A French appeals court yesterday ruled that the Libyan leader, Col Muammar Gadafy, could face prosecution in France over the 1989 bombing of a French jetliner that killed 170 people.
In an embarrassing decision for Paris, which is currently trying to finesse Col Gadafy back into the international fold, the court rejected the state prosecutor's arguments that, as a sitting head of state, Col Gadafy could not be prosecuted.
The decision, on the grounds that acts of terrorism are not covered by presidential immunity, effectively gave France's leading anti-terrorist judge, Mr Brug uiere, the green light to try and bring Col Gadafy to trial for "complicity in murder in relation to a terrorist act".

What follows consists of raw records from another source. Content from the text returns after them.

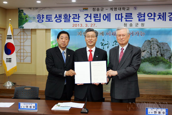 지난 27일 청송군청에서 우리학교와 청송군의 향토생활관 건립기금 출연 협약식이 열렸다. 이날 협약은 우리학교 향토생활관 건립 사업에 기금을 출연한 지방자치단체 출신 재학생들에게 기숙사를 제공함으로써 지역인재육성을 위한 관·학 협력체제 구축을 위해 맺게 됐다. 이번 협약에 따라 양측 기관은 향토생활비로 1억원을 출연하게 됐으며 올해 1학기부터 청송지역 학생 10명이 기숙사에 입사했다.
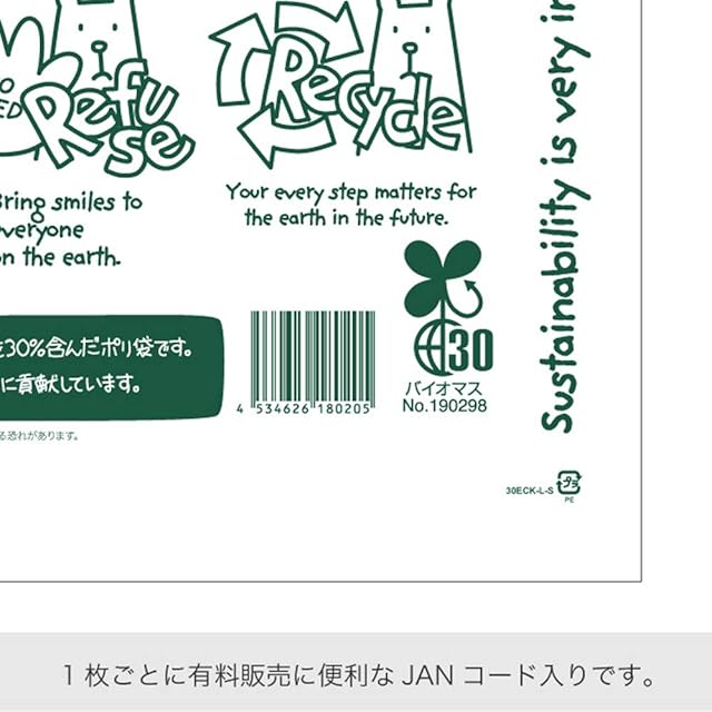 商品名:ヘッズ レジ袋 S 18×35×10cm 白 100枚 エコクマ バイオマス30 無料配布可 HEADS 30ECK-S
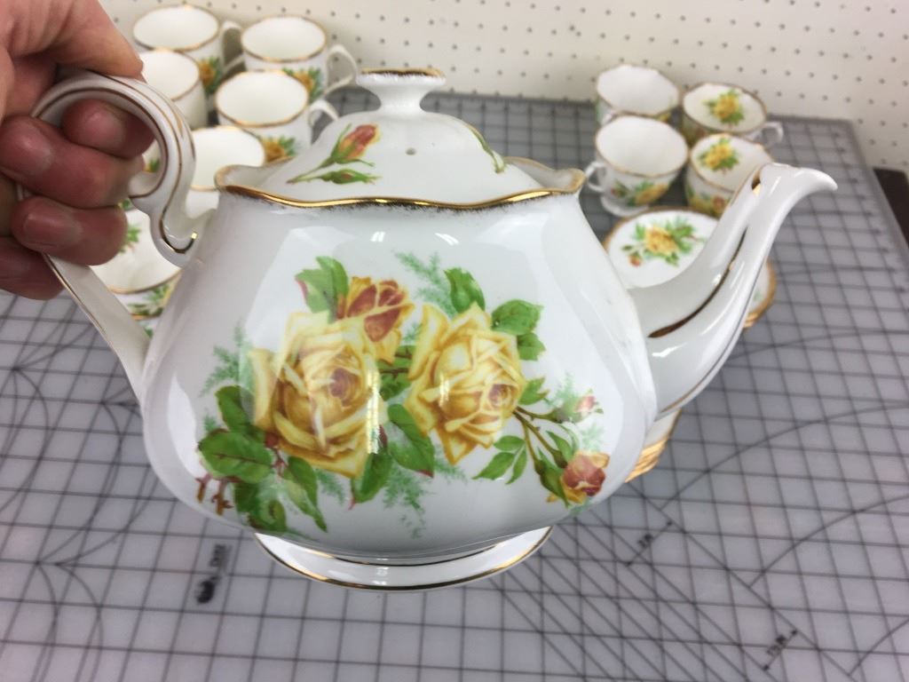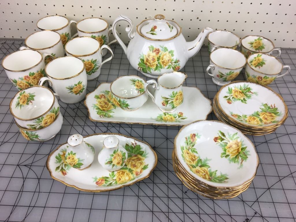 30 PIECES OF ROYAL ALBERT “TEA ROSE” CHINA TEA POT CREAM SUGAR EXCELLENT COND.
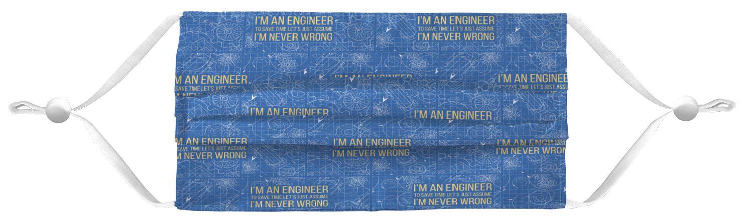 The main focus of this design is a funny quote that says "I'm an engineer, to save time let's just assume I'm never wrong." This will be sure to get anyone to crack a smile. The background is a blueprint pattern with gears and other shapes. The main colors are blue and light yellow. Your personalization goes directly under the quote.
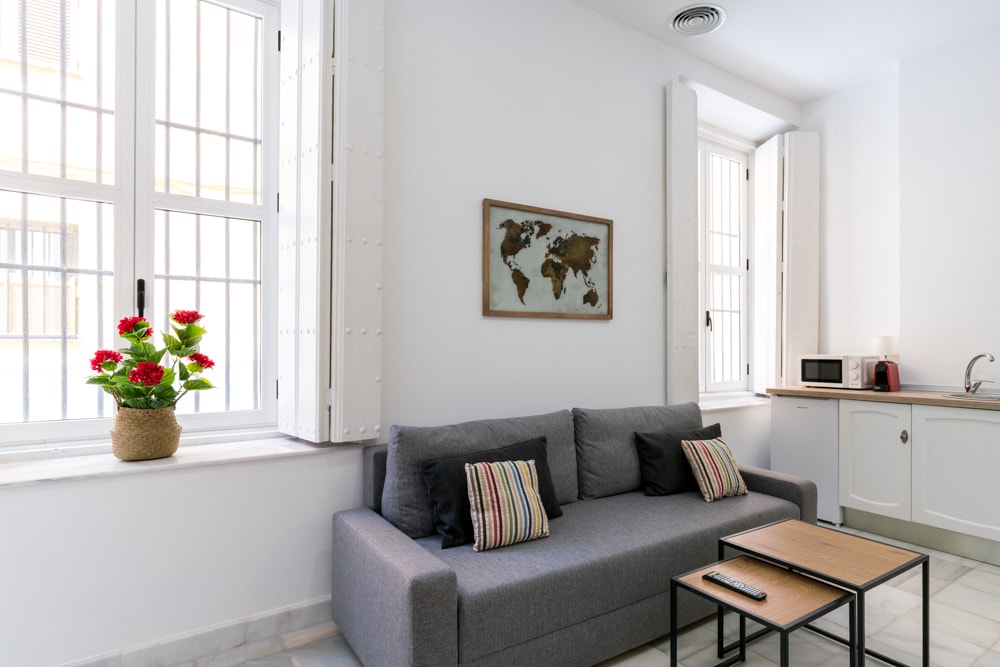 The apartment has: an open plan equipped kitchen, living room with sofa bed and a bedroom with 2 beds. The bathroom has a shower, hairdryer and towels. The capacity of the apartament is 4 persons. The building, completely renovated respecting its original Andalusian style, with elevator and communal terrace with wonderful views of the city. Tourist license: A/SE/00327
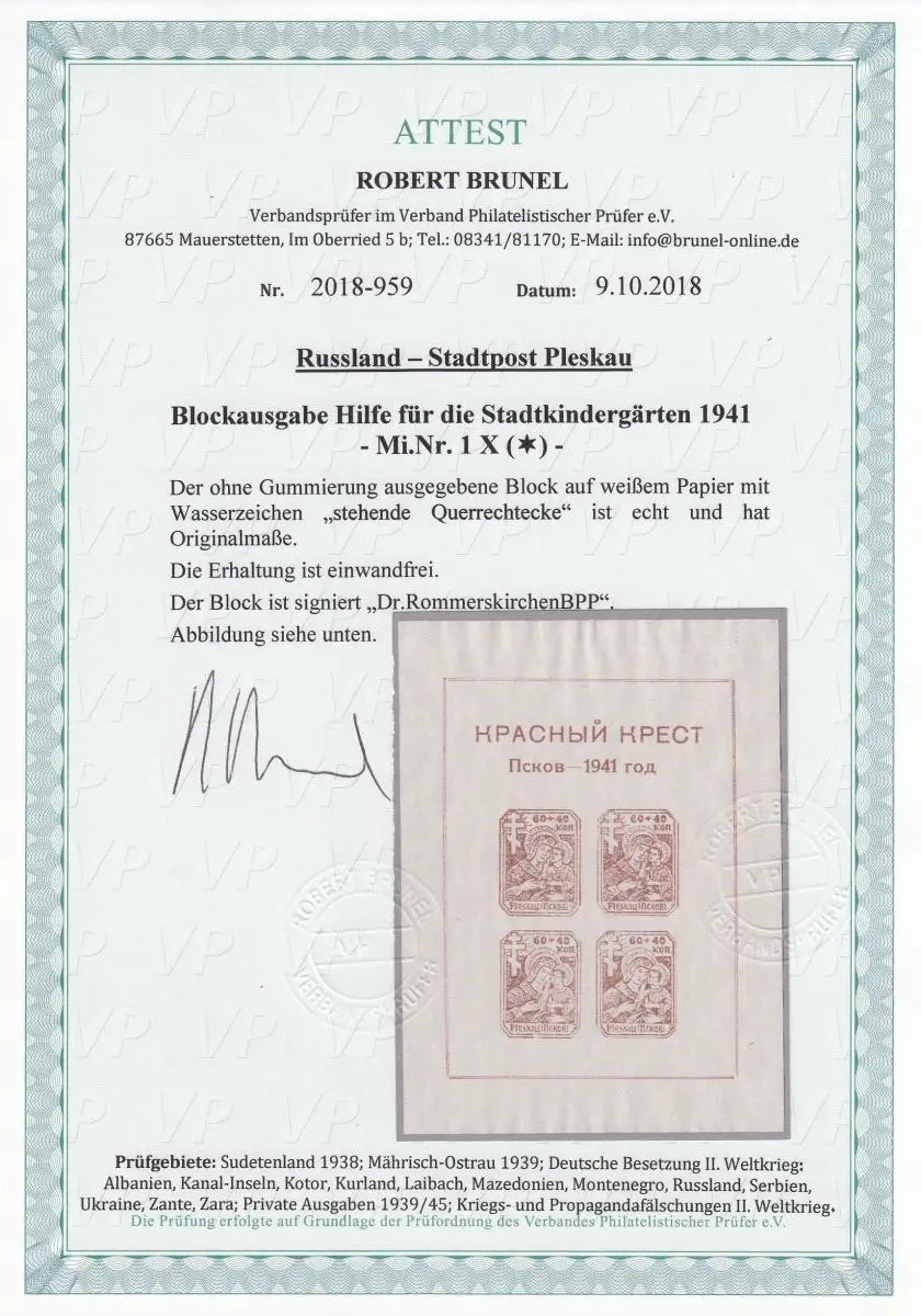 Russie Ville Post Pleskau MiNor Block 1 X, sans caoutchouc, signature BPP

Relatives of the passengers and crew on board the UTA DC-10, which crashed over Niger en route from the Republic of Congo to Paris, started the action against the Libyan leader after a French court last year tried six Libyans - including Col Gadafy's brother-in-law - in absentia for the bombing and sentenced them to life imprisonment.
Derek Scally adds from Berlin:
A man on trial for murder in Frankfurt has said that Libya provided weapons and helped plan an attack on a meeting of OPEC oil ministers in 1975 during which three people were killed.
Mr Hans-Joachim Klein (52) said that the Libyan embassy in Vienna provided weapons as well as information about the meeting taking place in the city of delegates from OPEC, the organisation of oil producing nations.